[Data under study]
_____

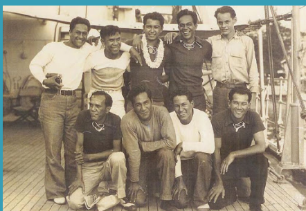
Hui Panalā'au members, 1936
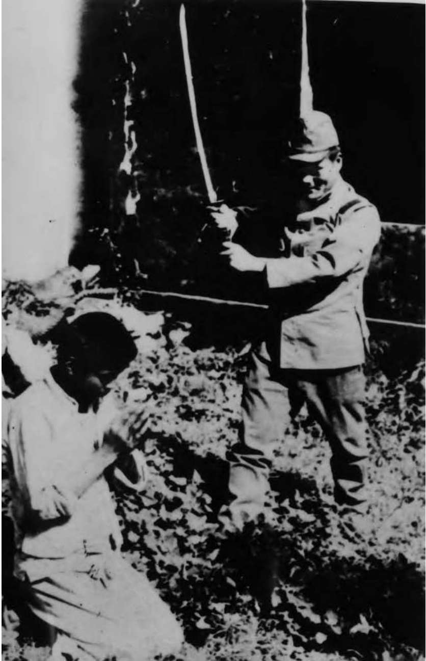
Figure 15.1 During the Japanese invasion, numerous atrocities were documented. Sometimes Japanese soldiers had Chinese prisoners dig their own graves (holes in the ground) before killing them, as in this photograph that Guomintang sources attribute to the Nanjing massacre of 1937.
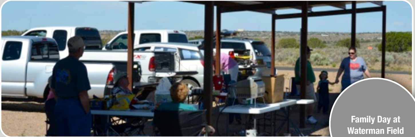
Family Day at Waterman Field
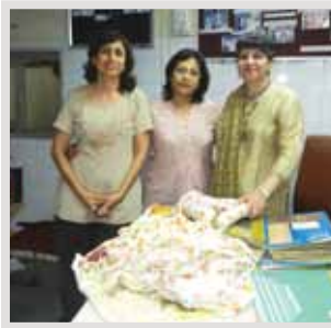
Kangaroo bags and nesting kits supplied for neo-natal ward at KEM.
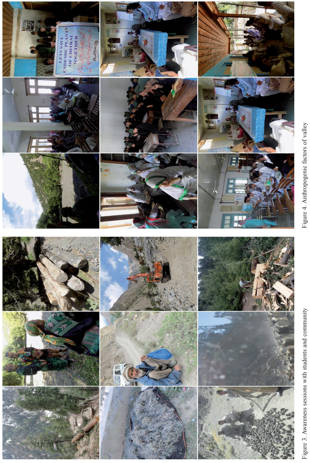
Figure 3. Awareness sessions with students and community
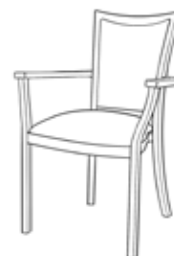
Huntsville Dining Chair
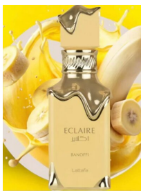
Eclaire Banoffi By R330.00 Lattafa EDP 100ml (Dubai Replica Unisex)
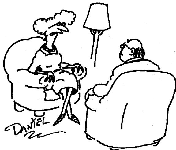
"I DON'T LIKE TO SPREAD GOSSIP, PASTOR, BUT WHAT ELSE CAN YOU DO WITH IT?"
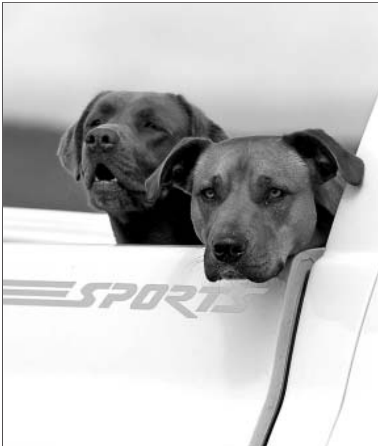
Covered: Blue Dog Insurance has policies for tradies and their dogs.
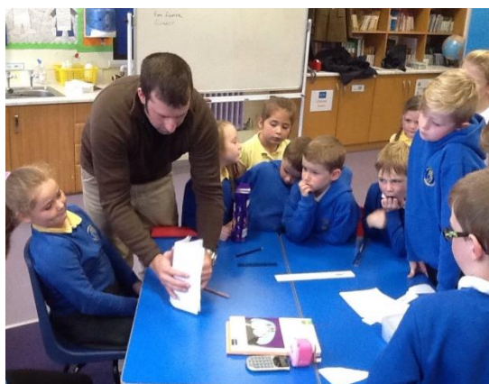
Learning to create strong structures to solve an engineering challenge!
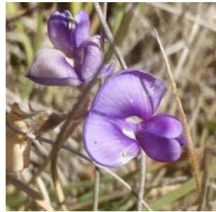
Swainsona behrii (MB)
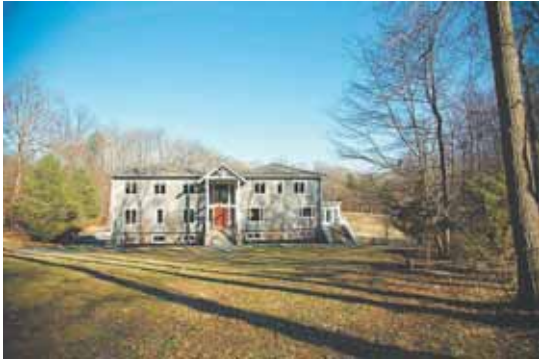
6 701 Clear Spring Road — $1,740,000

IN DECEMBER 2018, 20 GREAT FALLS HOMES SOLD BETWEEN $3,200,000-$615,000.
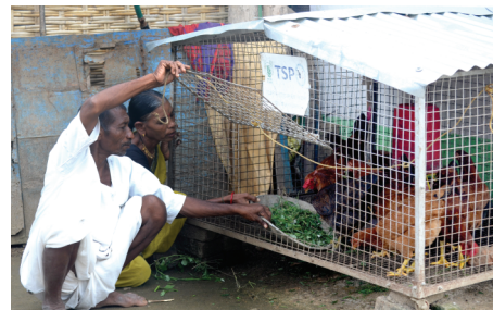
Farmer couple in Adilabad dt.
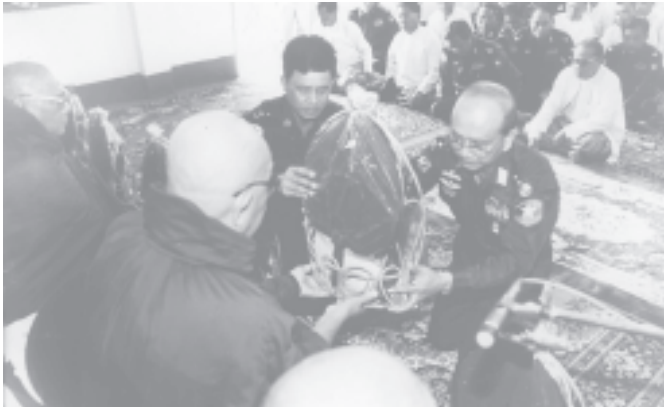
Secretary-1 Lt-Gen Thein Sein offers alms to a Sayadaw at the ceremony to donate provisions to monasteries and a nunnery of Hlinethaya Township.
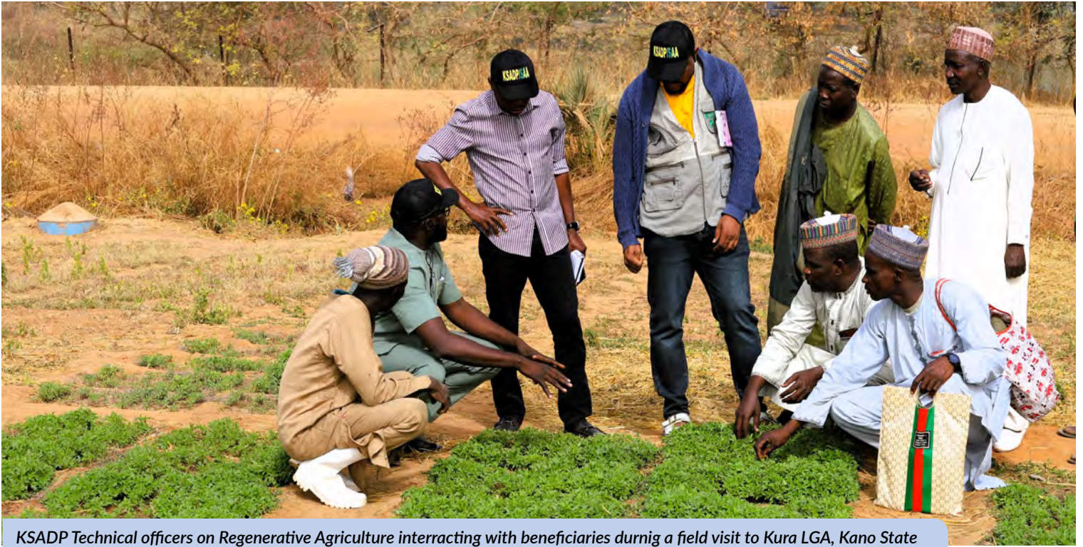
KSADP Technical officers on Regenerative Agriculture interacting with beneficiaries during a field visit to Kura LGA, Kano State

Following the commencement of the establishment of the KSADP/SAA 2024 dry season demonstration plots for vegetables in Kano State, demo host farmers and cluster members are expressing awe at the early results coming from the nurseries. The Project is currently establishing 150 dry-season vegetable demos across the 44 local government areas of the state as part of efforts to introduce farmers to good agronomic practices, improved varieties and climate-smart production technologies.
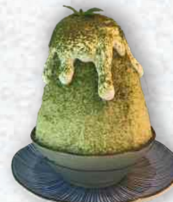
Matcha Latte Kakigōri

mix berry ice fresh strawberry blueberry raspberry whipped cream kuriaro rose powder
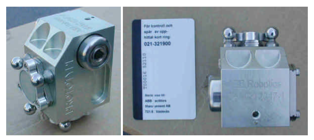
Figure 4: (a) Product prototype and (b) size relative to credit card

The product prototype is integrated with existing large robots through an add-on kit wherein the V-groove plates are permanently bolted to the robot structure. For optimal cost and performance V-grooves are directly machined into the robot structure on newer robot models. The results of recalibration tests satisfy the original specifications, revealing an error of 0.2mm, which represents a five-fold improvement on the existing system.
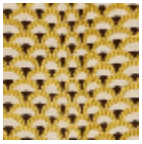
L3914_LES_EC AILLES_N3017_ C509_FE
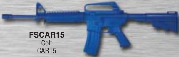
FSCAR15 Colt CAR15
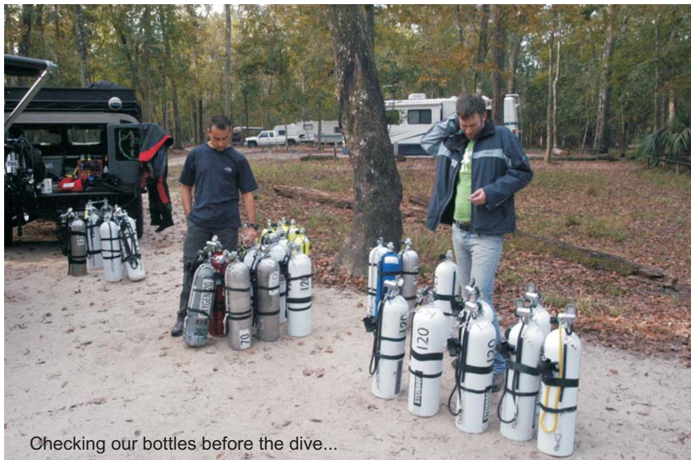
Checking our bottles before the dive...
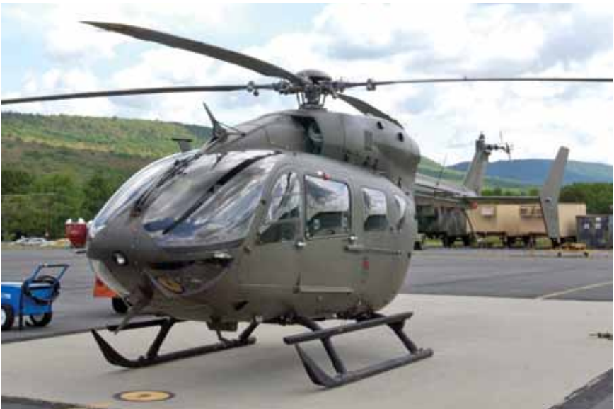
UH-72 Lakota helicopter
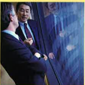
gain confidence from others

Next time you throw away a piece of paper or storage media from your table, think again. It could contain information which is so valuable to others that customised data mining strategy is deployed to collect.
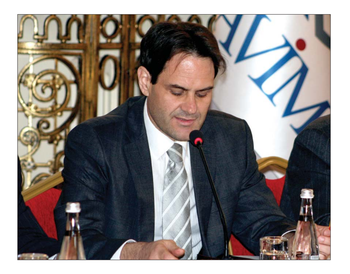
H.E. Goran TASKOVSKI Ambassador of Macedonia

<u>ECONOMY IN THE REGION</u> – economic prosperity and stability as a measure for political and ethnic cohesion, cooperation and understanding
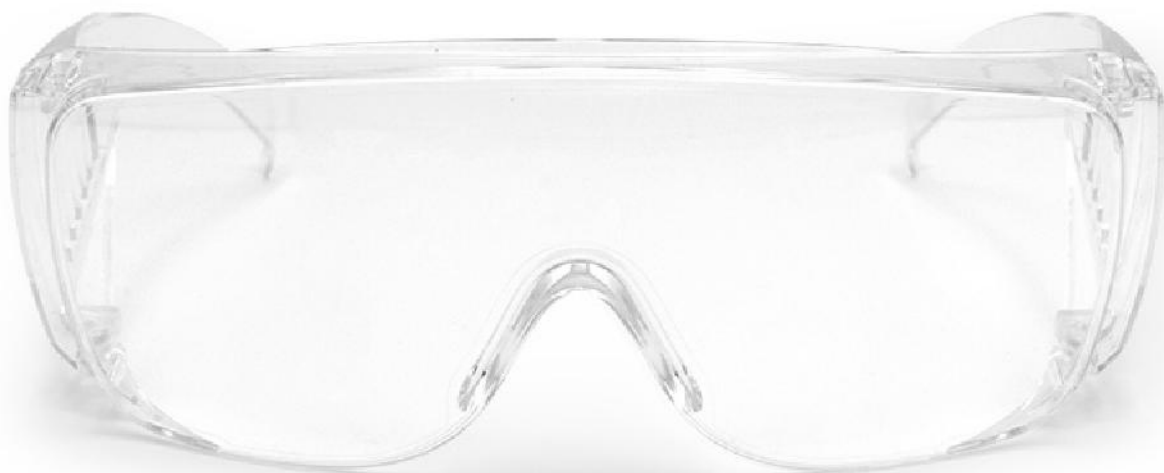
Art #: OI-SW-2403
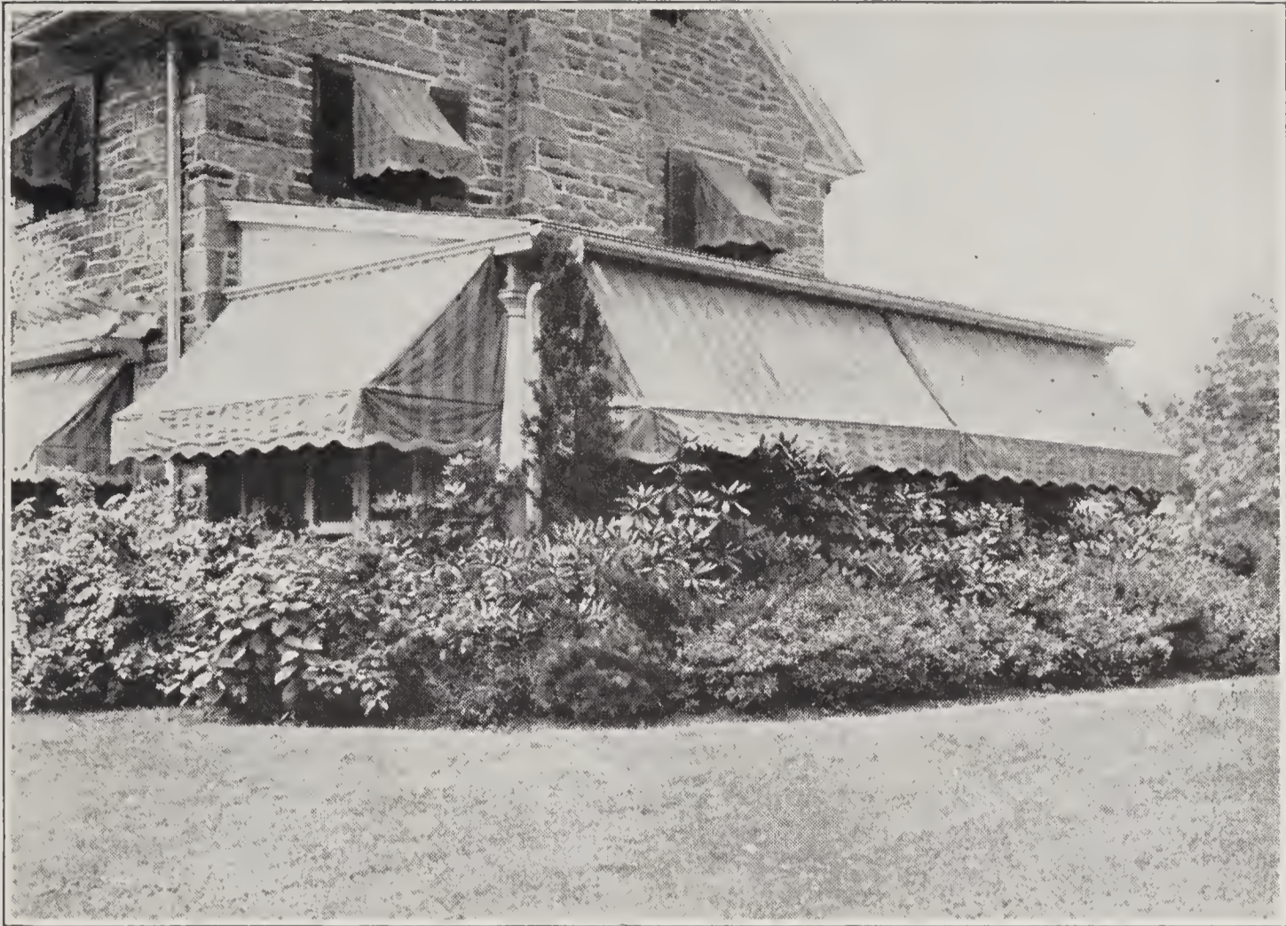
Foundation plantings of Broad-leaved Evergreens are both unusual and beautiful, giving color and character all the year

_____

[Brief]
Using the records above, print exactly the run of lines that starts with the line with "Farmer couple in Adilabad dt." and goes on through the line with "KSADP Technical officers", pictures excluded.

[Output]
Farmer couple in Adilabad dt.
Secretary-1 Lt-Gen Thein Sein offers alms to a Sayadaw at the ceremony to donate provisions to monasteries and a nunnery of Hlinethaya Township.
KSADP Technical officers on Regenerative Agriculture interacting with beneficiaries during a field visit to Kura LGA, Kano State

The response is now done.